Читаем Чары. Избранная проза полностью

После часовенки Вильямчик создал свою «Привязанную лодку». Тон картины был словно продубленный, тяжелый, жесткий, розоватая, муаровая полоска озера, раздвоенная узким мысом, холодновато мерцала под облаками, и волглый туман накрывал лодку. Розоватый цвет, собственно, не был ничем обусловлен, и поначалу казалось непонятным, откуда он взялся: картина изображала пасмурное состояние дня. Цвет этот существовал — простирался в пространстве, целиком и полностью по собственному произволу, прихоти, капризу, словно он был не цветом только, а неким предметом, имевшим собственные очертания и способным отделяться от других предметов. Зритель как будто ощущал его твердость, выпуклость и шероховатость: цвет производил на него физическое воздействие. При этом он не только воспринимался как прикосновение некоей материи, но проникал куда-то под черепную коробку, в глубины мозга, болезненно и странно возбуждая серое вещество. От него хотелось избавиться, освободиться, но он обручем сдавливал череп, навязчивый, как кошмар, как искаженный образ больного воображения.

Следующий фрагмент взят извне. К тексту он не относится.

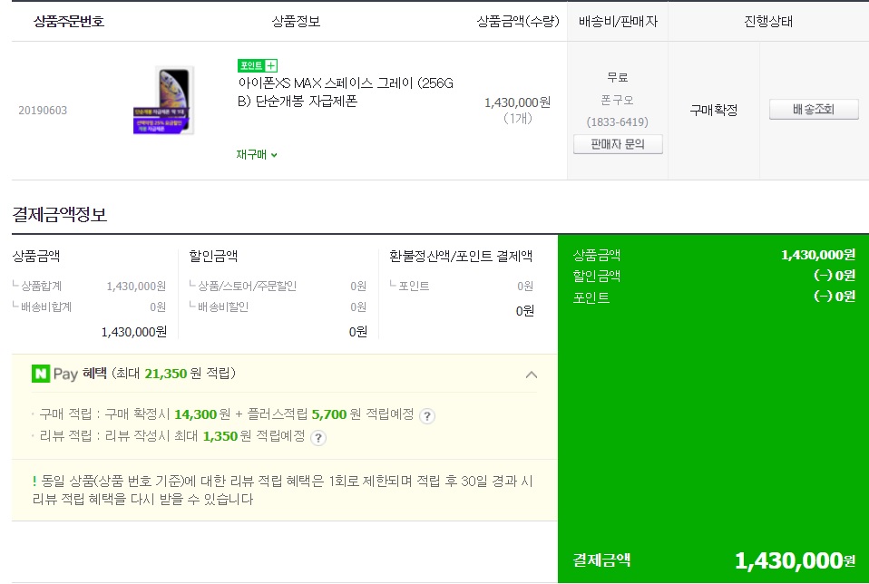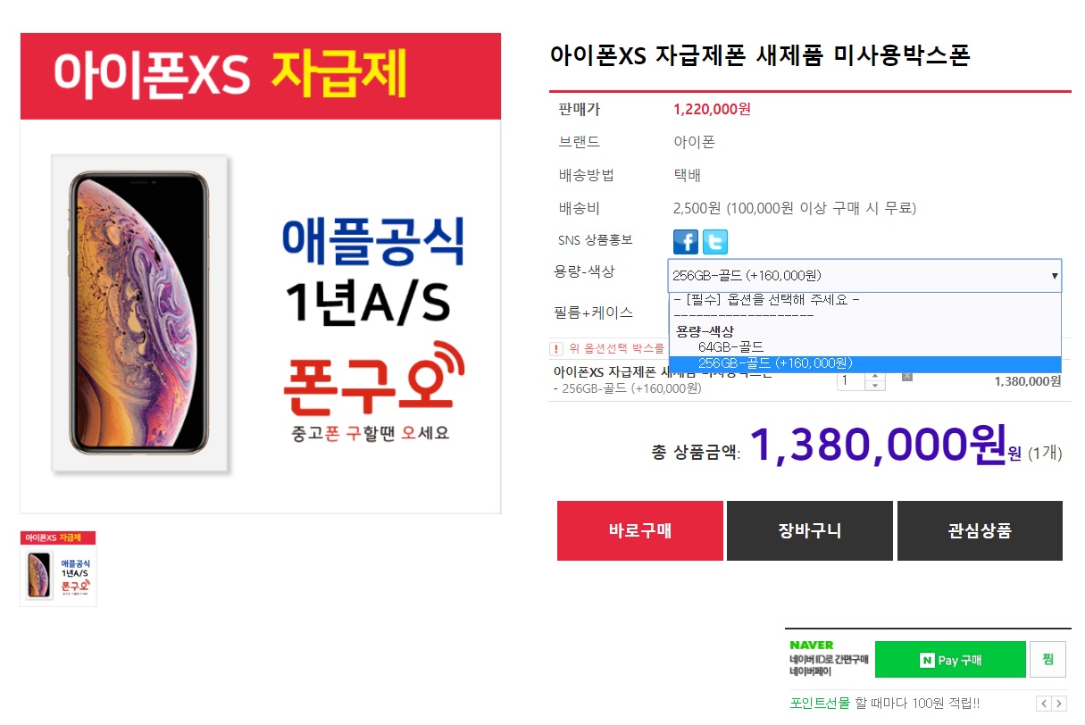 최초에는 재고가 없어서 리퍼나 중고폰을 살펴보다가 혹시나 싶어서 물어보니 재고가 있다고 해서 결제를 진행했습니다. 이번 아이폰xs 256GB는 미개봉 자급제 폰으로 138만 원에 구입을 했습니다. 아무래도 xs 256GB 제품 재고가 넉넉지 않다 보니 상대적으로 가격이 비싸더라고요. 네이버 검색을 해봐도 가장 저렴해서 바로 결제를 진행했습니다.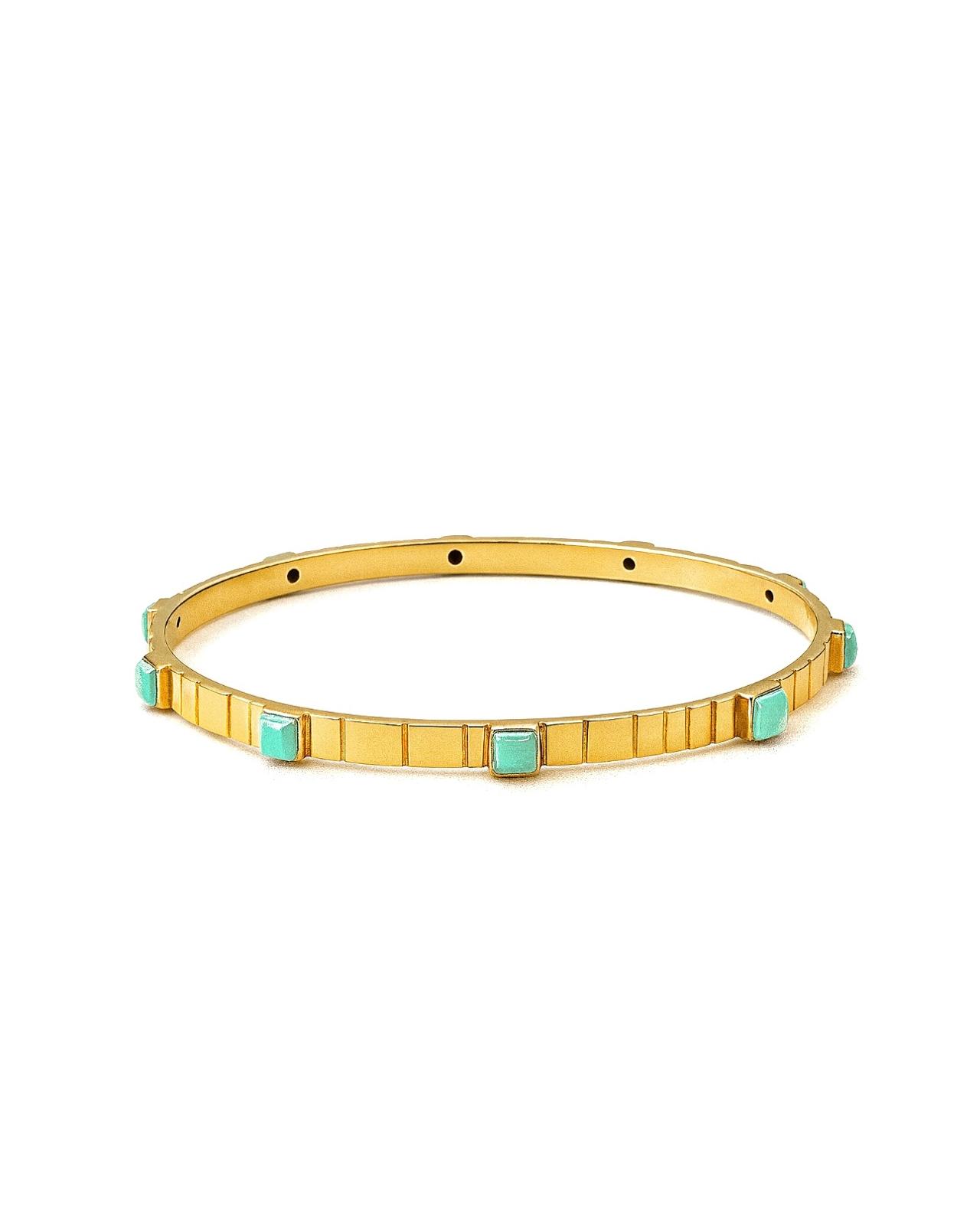 Christine Bekaert Aurea bracelet with bezel set green chrysoprase cabochon in 18k gold plated brass

И я помешался на муаровых бликах «Привязанной лодки». Расплывчатая, туманная, ускользающая мысль мелькнула в моем сознании, чтобы впоследствии приобрести более явственные контуры: бедный ценитель изящного, он мнит себя свободным в своей непричастности творчеству, упивается этой свободой, хотя на самом деле он раб галерный, прикованный цепью к веслам. Наслаждение искусством для него приманка, наживка, которую он заглатывает, чтобы быть пойманным. Острие крючка пронзает жабры, и вот он, вырванный из илистых глубин окунек, трепещет, блестя чешуей на солнце!

Окунек, похожий на тех, которых Вильямчик ловил в наших заводях, — теперь он и меня поймал! Искусством нельзя по-эстетски наслаждаться, искусство нельзя беспристрастно оценивать. Тот, кто называет себя эстетом, не в наслаждениях купается, а сводит мучительные счеты с жизнью. О, наше русское эстетство, оно тоже сродни идиосинкразии — его бы лечить, лечить…

Впрочем, поздно, не вылечишь.

Этой мысли я не мог противиться, она захватывала меня, овладевала мною, ведь я сам был ее красноречивым подтверждением. В этом окончательно убедило меня появление следующих картин северного цикла — «Монастырского двора» и «Валунов».

…На монастырскую гору мы взбирались долго, солнце блестело на мокрых от дождя березах, красный голыш придавал мелкому ручью цвет сидра. Березы, ручей, голыш — они обещали нам что-то, и мы приготовились. Да, да, когда мы, наконец, поднялись на вершину, то сразу обнаружили точку, которой было суждено столь странным образом воздействовать на наше воображение, — точку голубизны, сиявшей в просвете монастырского леса. Голубизна эта отражением лежала на каменных плитах двора, словно на дне бассейна, но там ее происхождение было бы понятно — толща воды, здесь же лишь воздух…

Виля судорожно вытряс из этюдника краски и расположился на камнях живописать голубую точку, а мы с Люсей отправились бродить. Не целовались, нет: что-то мешало… Голубая точка?

Теперь о картине «Монастырский двор». Она производила впечатление домотканого изделия из грубой суровой нити. Голубизну Вильямчик перенес на холст, неузнаваемо исказив ее: свидетельствую как очевидец, и вообще, для будущих кропотливых исследователей северного цикла я — надежный, единственный в своем роде консультант. Искажение заключалось в странной вогнутости этой голубизны, как, будто ее вдавливали внутрь, и получился провал, яма. Это придавало картине сходство с маской, в ужасе хватающей ртом воздух: голубизна безмолвно кричала.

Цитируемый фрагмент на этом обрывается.